The conservative policy wonk is a well-known commodity on Capitol Hill, and Price’s records, both political and financial, will be front and center as the Senate Health, Education, Labor and Pensions Committee mulls his nomination to be health and human services secretary.
Here’s what we’ll be watching for:
What exactly is Price’s vision for the Department of Health and Human Services?
The Roswell Republican hasn’t said a peep publicly about his plans for the sprawling agency of 80,000 employees since he was nominated after Thanksgiving. As head of the department he’ll have broad regulatory authority over everything from healthcare and tobacco to cosmetics and the thousands of undocumented children who have spewed across the Southern border. How familiar is he with the department’s portfolio and how does he plan to run it?
When it comes to the most burning item on the political agenda, tearing down Obamacare and rebuilding a new system in its place, what are his plans? Price over the years was one of the few congressional Republicans to offer his own replacement plan, the Empowering Patients First Act. How much of that proposal will be recycled in a Donald Trump-approved health care alternative?

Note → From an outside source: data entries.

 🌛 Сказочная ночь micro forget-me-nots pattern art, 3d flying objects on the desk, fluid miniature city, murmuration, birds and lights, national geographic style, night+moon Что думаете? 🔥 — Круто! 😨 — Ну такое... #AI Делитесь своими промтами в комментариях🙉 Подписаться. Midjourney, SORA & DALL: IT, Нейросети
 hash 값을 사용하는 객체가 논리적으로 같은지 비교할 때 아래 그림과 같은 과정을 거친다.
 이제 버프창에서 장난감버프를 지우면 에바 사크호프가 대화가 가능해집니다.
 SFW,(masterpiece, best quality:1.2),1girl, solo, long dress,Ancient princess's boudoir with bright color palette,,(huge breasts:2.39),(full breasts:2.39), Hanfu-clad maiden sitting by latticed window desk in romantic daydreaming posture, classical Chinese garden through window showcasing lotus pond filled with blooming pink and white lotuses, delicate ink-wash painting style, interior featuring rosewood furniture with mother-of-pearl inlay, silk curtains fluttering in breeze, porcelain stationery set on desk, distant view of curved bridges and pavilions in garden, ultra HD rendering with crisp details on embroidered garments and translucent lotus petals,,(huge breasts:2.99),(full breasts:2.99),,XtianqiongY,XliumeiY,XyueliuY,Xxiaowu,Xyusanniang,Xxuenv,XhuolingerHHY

And how closely does Price anticipate working with his soon-to-be ex-House colleagues to fashion that replacement?
How much does Price’s past come back to haunt him?

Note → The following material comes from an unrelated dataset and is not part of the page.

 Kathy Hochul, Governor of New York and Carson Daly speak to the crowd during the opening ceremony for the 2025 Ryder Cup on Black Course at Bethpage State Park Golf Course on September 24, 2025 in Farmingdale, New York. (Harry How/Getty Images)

Democrats haven’t disputed the fact that Price is qualified for the job. They take huge umbrage, however, with his Obamacare replacement plan and past budget proposals that would overhaul entitlement programs such as Medicare and Medicaid. Democrats have been messaging for weeks on how Price’s legislative ideas are “extreme” and “dangerous.” Do we see those themes revived during today’s hearing?
Democrats are also likely to try and exploit policy wedges between Price and his soon-to-be boss. Key areas will be entitlement programs and healthcare. Trump on the campaign trail rejected cutting Social Security benefits and converting Medicare into a voucher system, and the president-elect’s “insurance for everybody” pitch sharply differs from the GOP’s “universal access” pledge. Two players to watch will be Sens. Bernie Sanders and Elizabeth Warren, two of the committee’s most liberal and outspoken members.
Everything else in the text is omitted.